Talent management services can include several components: learning & development, mentorship, job transfer & promotion, projects & gigs, and more. You may define the services that you offer your employees differently. Regardless of how you structure talent management, placing an AI platform for talent management behind your employee career services will create an inclusive basis for those services.
Here’s why this change is so important:
- With a skills-based approach to talent management, the standard for career advancement becomes what each employee can do, and not who they are. And, a skills-based approach is encouraging to all employees.
- Self-service for talent management lets each employee explore and decide on their own time, without the pressure of a performance review or HR meeting.
- Both skills and self-service create a transparent career experience. Every employee finds what options are available, and knows that the same options are available to others. Each employee sees how the company will make decisions. When employees can understand how a decision such as promotion will be made, they will gain confidence in the fairness of the process.
- Finally, this platform is for all employees. Employees with social advantages can’t work around it. Mentors can’t choose who to coach on the basis of their biases. Important projects can’t be staffed at happy hour.
With the right technology supporting talent management, your company can change the entire mindset around careers. Employees will see the presence of opportunity, and see fair outcomes in action. In time, the expectation of facing bias will be replaced by an expectation of full participation.
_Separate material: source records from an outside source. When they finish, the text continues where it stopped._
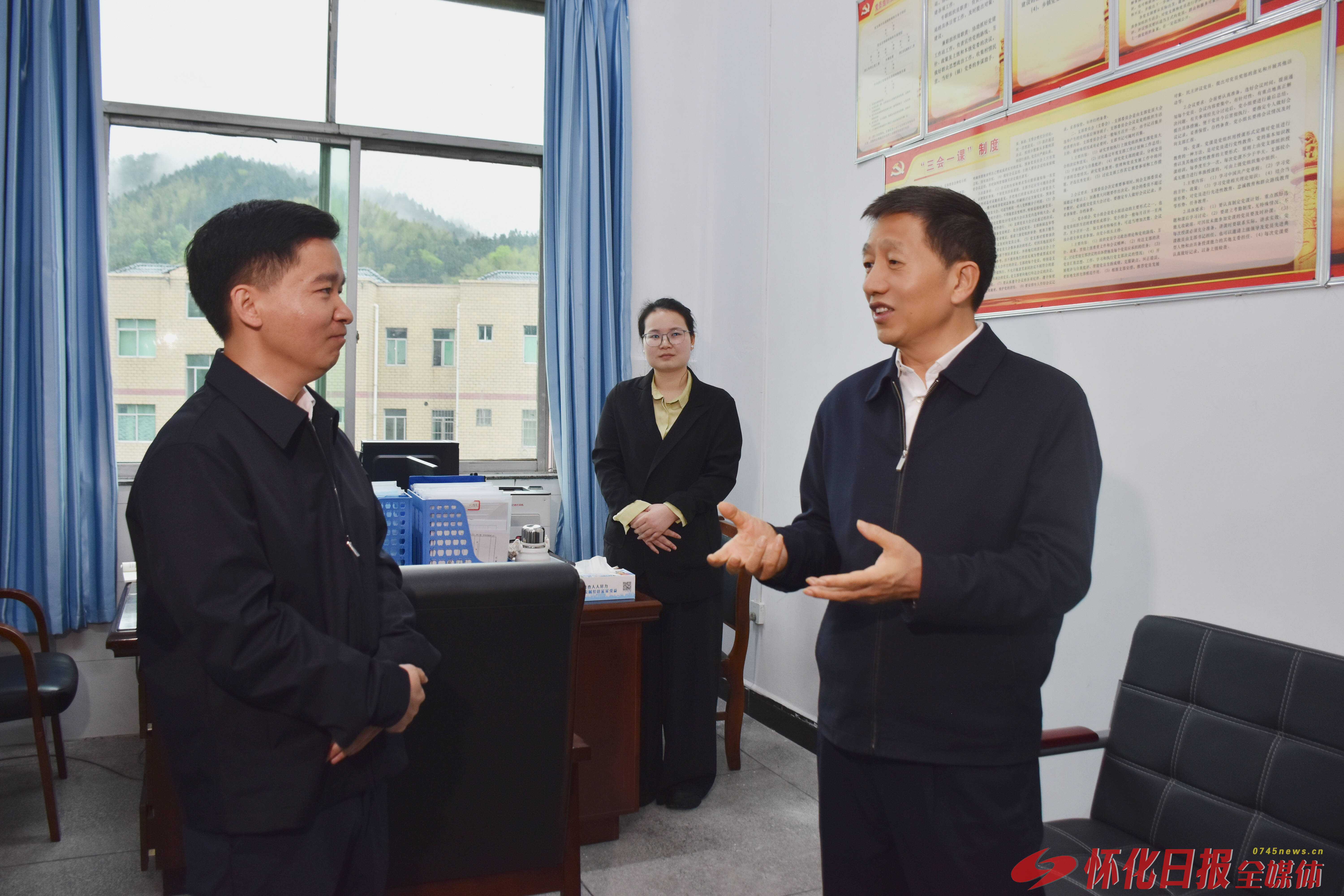 (4月16日上午,市委书记许忠建在洪江市调研。图为许忠建在铁山乡检查学习教育和安全生产、防汛备汛等工作情况。怀化日报全媒体记者 黄莎 摄)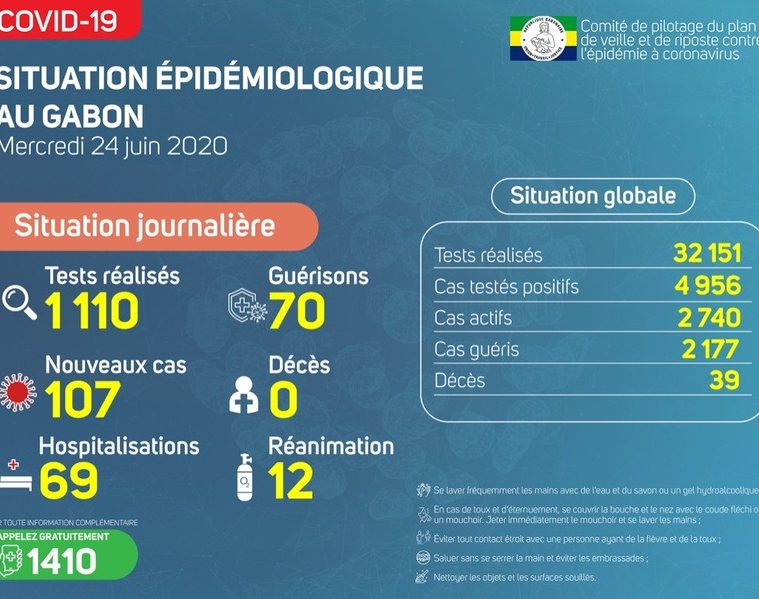 Gabon Matin vous livre le point journalier du Comité de pilotage du plan de veille et de riposte contre l’épidémie à Coronavirus au Gabon du 24 juin 2020.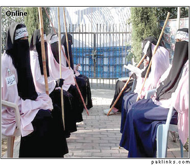 Women students in black burqas stood on the roof of their madrasa listening to the sermon, while young men carrying sticks, their faces covered by scarfs, guarded the mosque, searching people coming through its gates.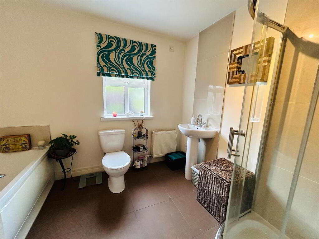 Comprising bath with shower attachment to taps and tiling around, fully tiled walk in electric shower, whb with tiling around, wc, extractor fan, tiled floor.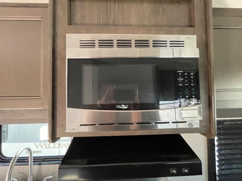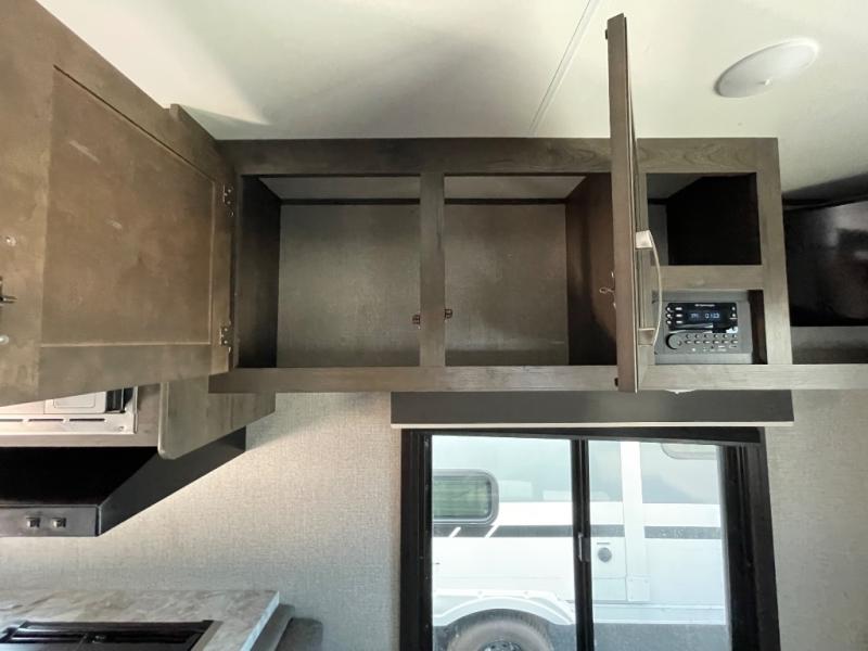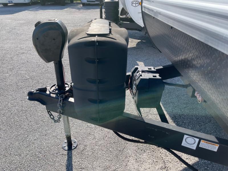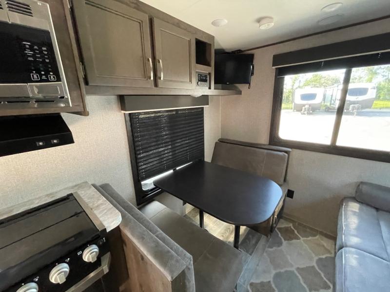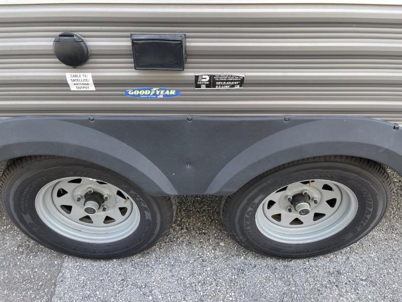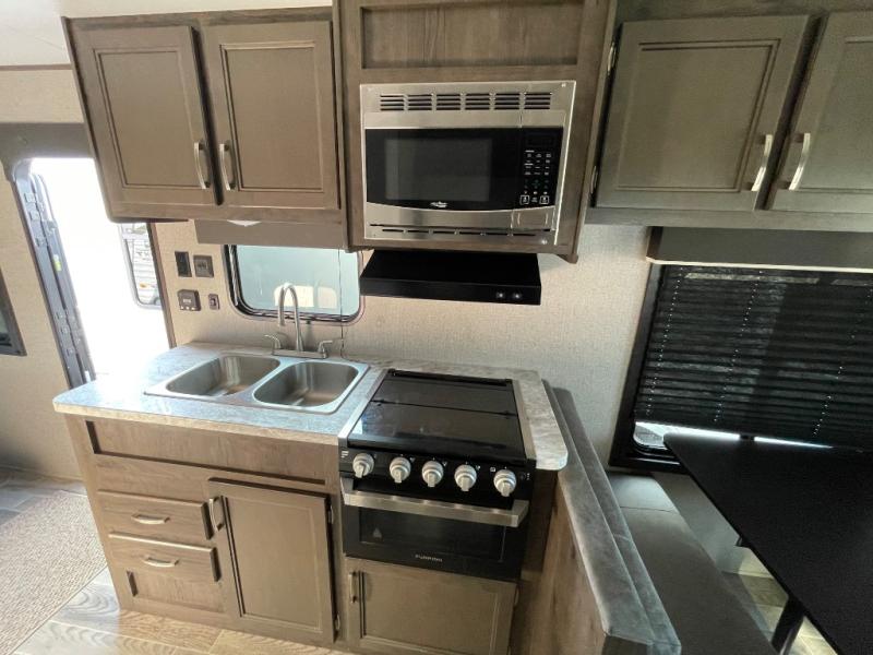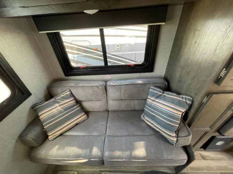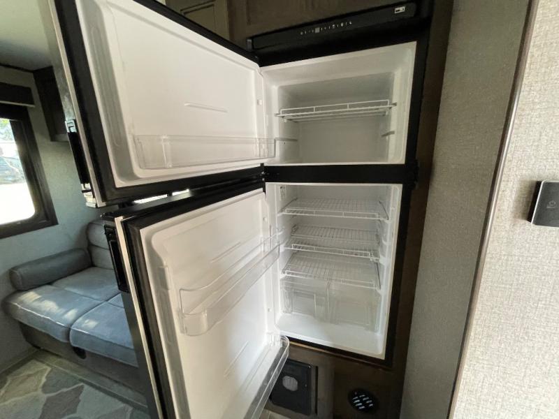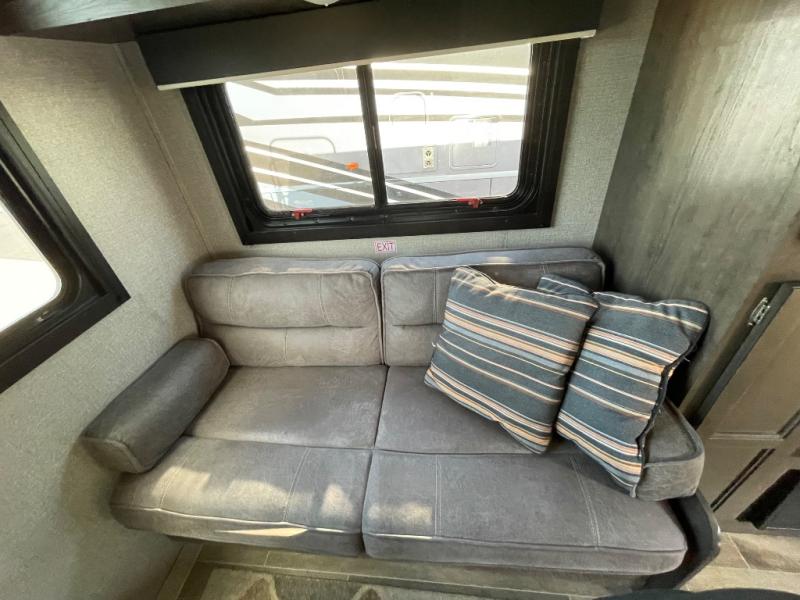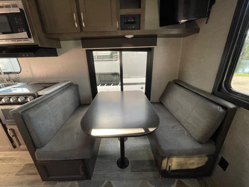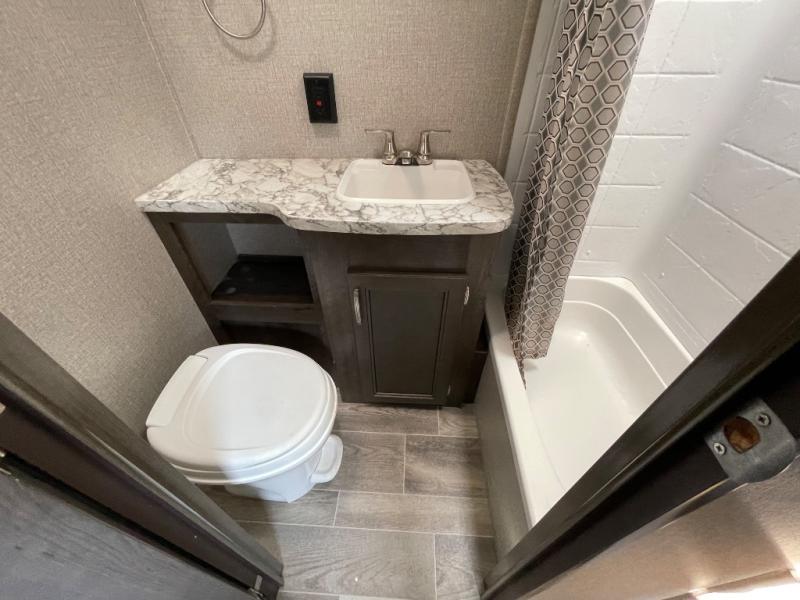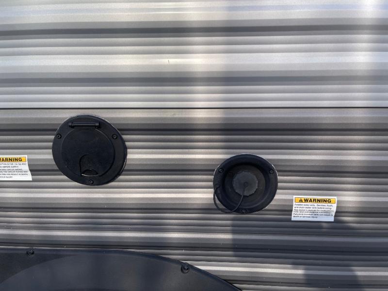 If you and your spouse wish to escape the hustle and bustle of everyday life then you need this travel trailer! You can create delicious home cooked meals with the three burner range with glass cover, and enjoy eating them comfortably at the booth dinette. The dinette and sofa can also double as extra sleeping spaces for a few to tag along and join in on the fun. Start each morning feeling refreshed and clean after sleeping on the front island queen bed and taking a nice, hot shower in the tub/shower which also has skylight above it for you to have natural lighting as you get ready!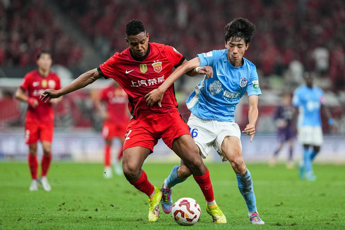 小将朱鹏宇对抗上海海港外援茹萨,朱鹏宇的表现让球迷眼前一亮,虽然没有随U23国足参加U23亚洲杯正赛,但被国足主帅邵佳一招入成年国家队。

When this change in mindset is achieved, I believe, we will finally have real inclusion.
Conclusion: The Right Career for Everyone in the World
The strategies I’ve shared above speak to our motivation at Eightfold.ai. We believe that technology can create a triple benefit—to companies, to individuals, and to society.
We express this motivation with our mission: “The Right Career for Everyone in the World.”
The right career is the career that each individual chooses to best express their interests and their talents. Just imagine the scale of productivity, motivation, and personal joy that would be unlocked if every person could truly pursue their right career. How many of our problems in society could we solve?
Everyone in the world is an inclusive group. Everyone includes people in their first job and people looking toward retirement. Everyone includes every race and ethnicity, and every religion and creed. Everyone includes people of all genders. Everyone means everyone.
And so, the right career for everyone is only possible if diversity, equity, and inclusion are a core part of each company’s objectives. The work ahead of us isn’t easy, but we can make a real difference and move forward toward our goal. We can advance the day when our data will show an equitable workforce in the United States, and everywhere else. Let’s start now.